なお、短剣も河竹の所有品で、犯人が手袋を用いたと見え、柄には指紋が残っていない。こうしてすべての情況が、その即死したらしい有様といい、何もかも博士の室と酷似していて、格闘の形跡は勿論のこと、犯人が跳躍した跡は、何処にも見出されないのである。が、然し、扉の鍵が寝衣の衣袋《かくし》にある所を見ると、密閉された室に、神変不思議な侵入を行った犯人の技巧には、法水も眩惑に似た感情を抑える事が出来なかったのである。
やがて、屍体から右手の壁にある、鳩時計が鳴き始めると、法水はその側にある、実験用の瓦斯栓までも調べたが、それが最後で、全部の調査を終ったらしく、彼に似《に》げない吐息を吐いて言った。

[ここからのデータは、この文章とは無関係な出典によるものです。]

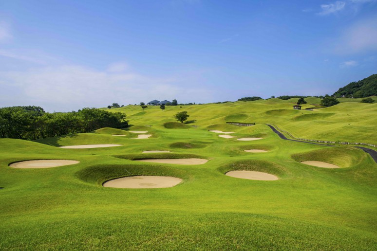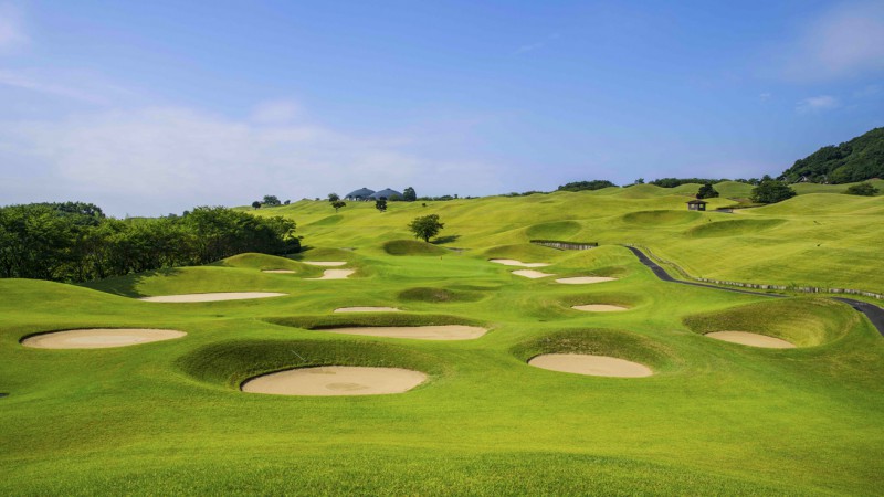 신세이잔소CC는 천재 '피트 다이'가 설계한 구릉지 코스입니다. 구릉 코스이지만 11개의 홀에 연못이 배치되어 레이크사이드의 재미도 있습니다. 브리티시 아메리칸을 표방하는 언듀레이션, 명물인 아일랜드 그린의 짧은 홀 등 세련된 디자인으로, 아름다움과 난이도가 조화를 이룬 홀들이 이어집니다. 명물의 17번 숏 홀은 대담한 레이아웃의 아일랜드 그린으로 되어 방문하는 골퍼들을 매료시킵니다. 높은 지대에 위치해 개방감이 뛰어나며, 배경에 펼쳐진 산과 사계절 꽃과 나무도 이상적이며 몇 번을 도전해도 지루할 틈이 없습니다.?

「こりゃ全く、手の付けようがない。内出血が起って、外部へ流れた血が少ないので、刺された時の位置さえ判らんのですよ」
「然し、二時前後に博士を殺して、それから夜が明けて、八時ごろ河竹を殺すまでに、犯人は一体どこに潜んでいたのでしょうな」
と杏丸が、心持《こころもち》仄めかすようにいったが、法水はその言葉に、不快気な眉を顰めただけで、答えなかった。
そして次に、三人の来島者を訊問することになったが、二人の男は、何れも杏丸と同じく、昨夜は就寝後室を出ず、今朝騒がれて初めて知ったというのみの事で、黒松九七郎という癩患者の弟は屍体買入代価の増額を希望しているのみであったが、東海林|泰徳《たいとく》というアディソン病患者の父は、さすが職業が薬剤師だけに、病の性質上死期の早かった点に、濃厚な疑念を抱いているかのような口吻《くちぶり》だった。
所が、最後の番匠鹿子になると、胸に手を当てて、思い出に耽るかのような彼女の口から、影も形もない五人目の人物の存在を、明確に指摘している所の、実に不気味な、目撃談が吐かれて行ったのである。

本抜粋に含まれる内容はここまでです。